If you really need to access an API that deals with FILE* only (e.g. for debugging), see py3c’s limited file API shim.

Py_FindMethod and Generic Attributes

While the actual need for type-specific attribute handlers almost completely disappeared starting with Generic Attribute support in Python 2.2, there may still be old code that uses a custom tp_getattr implementation to return methods for a user-defined type.

The following example snippet uses Py_FindMethod from a tp_getattr function to return custom methods for a type:

static struct PyMethodDef mytype_methods[] = {
    {"my_method", (PyCFunction)mytype_example, METH_VARARGS, "docstring"},
    {NULL, NULL},
};

static PyObject* mytype_getattr(mytype* self, char* name)
{
    return Py_FindMethod(mytype_methods, (PyObject*)self, name);
}

A tp_getattr function like the one above can be eliminated. A pointer to PyObject_GenericGetAttr can be set in the tp_getattro field, rather than implementing a custom tp_getattr function ourselves, as long as we we also set the tp_methods struct field to the mytype_methods array.
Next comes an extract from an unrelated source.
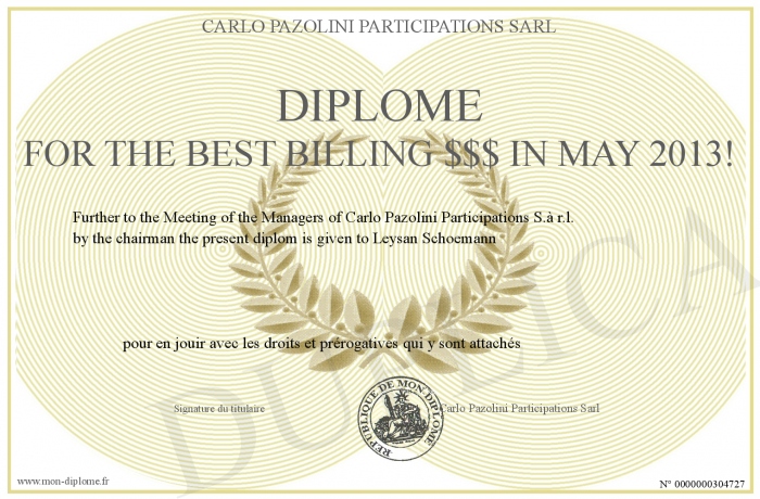 Envoyez par email votre Diplome for the best billing $$$ in May 2013! personalisé

  • Set the tp_methods struct field to the mytype_methods PyMethodDef array.
  • Set the tp_getattr PyTypeObject struct field, which previously was set to the custom mytype_getattr function, to NULL.
  • Set the tp_getattro struct field to PyObject_GenericGetAttr.
  • Delete the custom mytype_getattr function.

Other changes

If you find a case where py3c doesn’t help, use #if IS_PY3 to include code for only one or the other Python version. And if your think others might have the same problem, consider contributing a macro and docs to py3c!

Building

When building your extension, note that Python 3.2 introduced ABI version tags (PEP 3149), which can be added to shared library filenames to ensure that the library is loaded with the correct Python version. For example, instead of foo.so, the shared library for the extension module foo might be named foo.cpython-33m.so.

Your buildsystem might generate these for you already, but if you need to modify it, you can get the tags from sysconfig:

>>> import sysconfig
>>> sysconfig.get_config_var('EXT_SUFFIX')
'.cpython-34m.so'
>>> sysconfig.get_config_var('SOABI')
'cpython-34m'

This is completely optional; the old filenames without ABI tags are still valid.

Done!

Do your tests now pass under both Python 2 and 3? (And do you have enough tests?) Then you’re done porting!

Once you decide to drop compatibility with Python 2, you can move to the Cleanup section.